# DISCOVERY OF PI

Have you ever wondered how pi was calculated before Newton discovered it. Up until the 250BC, mathematicians knew for a fact that the value of pi is between 3 and 4. And you may ask that how did they know that, the answer to that would be that they did that with the help of a hexagon and square.

A unit circle (area = π) was inscribed with a regular hexagon of unit sides. And the circle was inscribed in a square. The hexagon was then further divided into 6 equilateral triangles with unit sides. Then the perimeter of hexagon was found to be 6 units. Since the hexagon was inside the circle the circumference of the circle must be a little more than that of hexagon.

Circumference > perimeter

2 π > 6

π >3

On the other hand, the perimeter of square > circumference of the circle.

2 π<8

π <4

Hence, it was concluded to be between 3 and 4, i.e, 3< π<4.

Later in the 250BC, Archimedes improved this calculation. He bisected the hexagon into a dodecagon (12 sides) and inscribed one into the circle and inscribed the circle in another 12-sided polygon. After calculation, it was found that π lies between 6.212 and 6.431. This process repeated for centuries until they reached the 96-sided polygon and found a range of 3.1408< π<3.1429.

In the late 16th century, Francois Viète doubled a dozen times than Archimedes and computed the perimeters of polygon of 393,216 sides. And by the early 17th century, Ludolph van Caulen surpassed him by calculating perimeter of polygon of 2^62 sides. He spent 25 years of his life calculating π upto 35 correct decimal places.

People were used this method of computing pi until Sir Newton came along. The first step to his discovery of π was building Binomial theorem from the Pascals triangle. Sooner after he also delt with the theorem being subjected to incompetency when power of (1+x) was -1, since it would give an infinite series. But he proved its accuracy by multiplying both sides by (1+x). The left hand side gave 1 straightaway and when (1+x) was multiplied on the right hand side, every term got cancelled leaving only one.

Afterward he went for (1+x) with power of ½ to solve for the area of a unit circle by equation of the circle, which was given by x^2+y^2=1. Hence, the value y=(1-x^2)^1/2 can be calculated by substituting the value of x by -x^2.
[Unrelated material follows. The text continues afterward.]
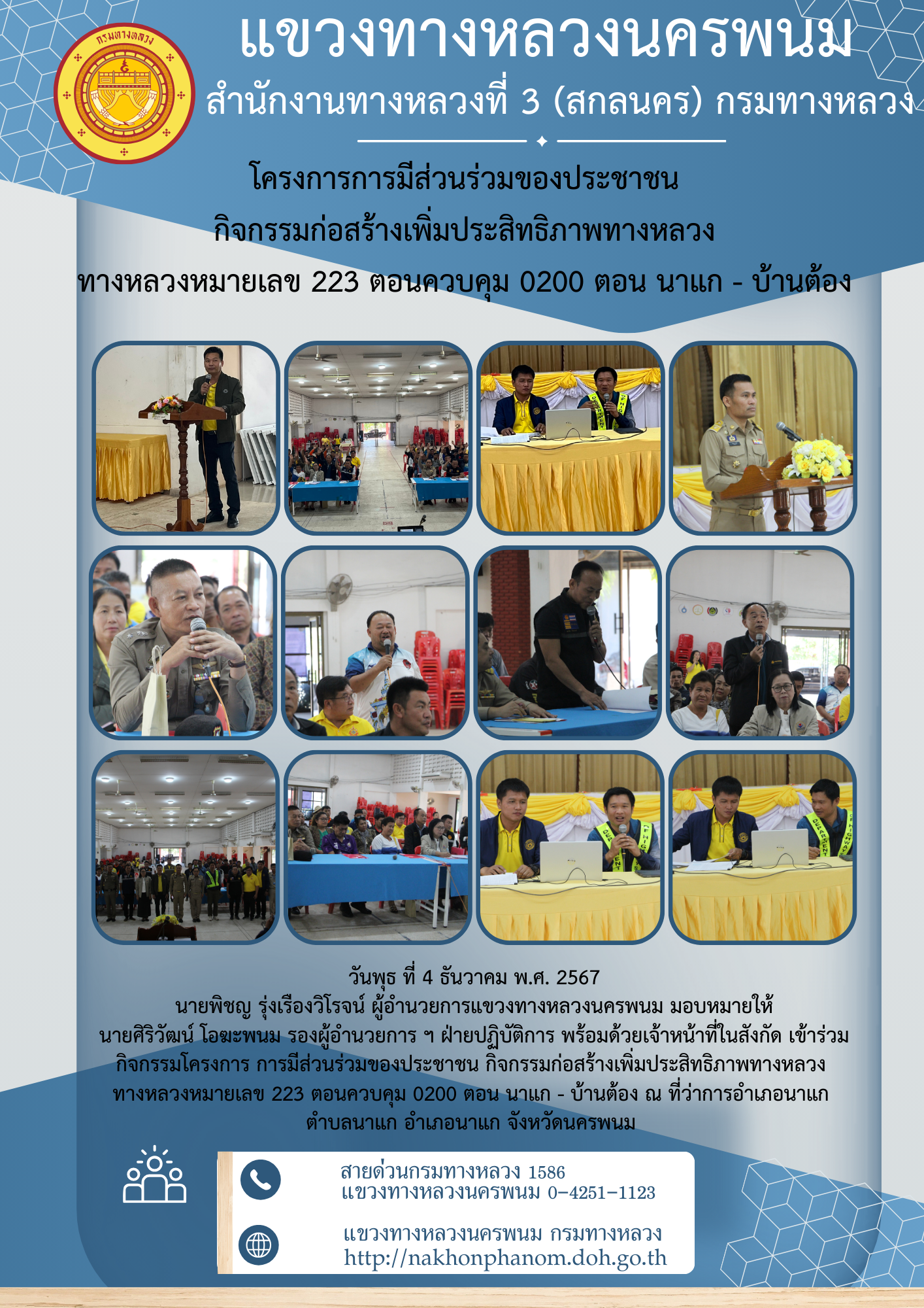 นายพิชญ รุ่งเรืองวิโรจน์ ผู้อำนวยการแขวงทางหลวงนครพนม

Right after this, he also invented calculus. And the integration from 0 to 1 was used to find the area under y=(1-x^2)^1/2 which is the area of the quarter of circle in the first quadrant. We also know that the area of quarter of circle is (πr^2)/4. In this case it will be π/4 (since r=1). Upon equating them and calculating we get the value of π. To make things easier and accurate he decided to integrate from 0 to ½. It gives the area of the circle from the left of y axis to the straight line of x=1/2. That area can be calculated as area of a sector of 30 degrees, which will be π/12, and a right triangle of sides 1 and ½ ( we can calculate the third by Pythagoras).

And upon equating we once again can find the value of π. Not only that but when you solve up to 5 places of the integration, you get results π for up to 5 decimal places. And it will take calculation of integration up to 35 terms to get what Ludolph van Caulen got after 25 years. This is how years of calculation was simplified by Sir Isaac in a way it took only a few days to learn the value of pi.